Frequency-based methods in most prior work first assign individuals to locations in each month (based on the location in which the majority of events occur in that month) and then classify migrants as individuals whose locations change between subsequent months (S1 Table). There are different methods to estimate home locations in each month. Vanhoof et al.  summarized five different methods of detecting home locations: (method 1) the location with the maximum number of phone activities; (method 2) the location with the maximum number of distinct days with phone activities; (method 3) the location with the maximum number of phone activities during 7 p.m. and 9 a.m.; (method 4) similar to the method 1, but aggregating all activities within a spatial perimeter of 1,000 meters around a cell tower instead of counting phone activities only in each cell tower; (method 5) similar to the method 4, but only counting phone activities recorded during 7 p.m. and 9 a.m. A hierarchical method, proposed by Blumenstock et al. , which identifies locations where the individual spends the most time, is method 6. These six frequency-based algorithms are implemented using Python (available at https://github.com/g-chi/migration_detector/blob/master/frequency_based_method.py).

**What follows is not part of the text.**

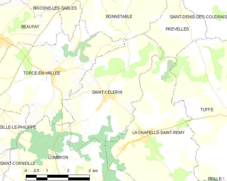 Map of French municipality

Specifically, the method in Blumenstock et al.  first identifies the hourly modal location by computing the most frequently visited district in every hour of the entire dataset, then aggregates hourly modal locations to find the daily modal location, and finally identifies the monthly modal location by taking the mode over the daily modal locations.
Digital trace data.
To help illustrate the generality of our approach, we perform experiments on two different digital trace datasets.
- Mobile phone data. We obtained a pseudonymized dataset of mobile phone activity directly from Rwanda’s near monopoly mobile phone operator. These data contain the complete Call Detail Records (CDR) of roughly 1.5 million de-identified individuals, covering a period of 4.5 years. Each time a mobile phone owner makes or receives a call or text message, a new entry is generated in this dataset which contains a unique identifier for the caller and receiver, a timestamp for the event, and the approximate location of the caller and receiver (i.e., the geo-coordinates of the nearest cell phone tower).
- Twitter data. The geo-tagged tweets we use include 20,000 randomly selected Twitter users in the U.S. over two years who have at least 1,000 geo-tagged tweets. Each record in this data contains a unique identifier for the individual, the timestamp of the tweet, and the geo-coordinates from which the tweet was posted.
Note that the key commonality between these two datasets—and what is required for our algorithm to work—is that a single transaction record in both datasets contains spatial and temporal information. This research is exempt from IRB approval because we use only de-identified data.
To validate our approach, we hired a team of five undergraduate students to build a labeled corpus of migration data. Each labeler was randomly assigned a large number of ‘samples’, where each sample contains a trajectory for a single individual (see S1 Fig for an example). Each sample was judged by three labelers. If three labelers had different opinions on one sample whether it is a migrant or not, we chose the label that was agreed by at least two labelers. For each sample, the human labeler was required to indicate (i) whether a migration took place; (ii) how confident they are in that assessment on a scale of 1 to 3. In addition, if a migration was marked, the labeler was asked (iii) the date of migration; (iv) their confidence in that date at an interval of 5 days (0-5, 6-10, 11-15, >15); (v) the first day and last day of home segment and destination segment.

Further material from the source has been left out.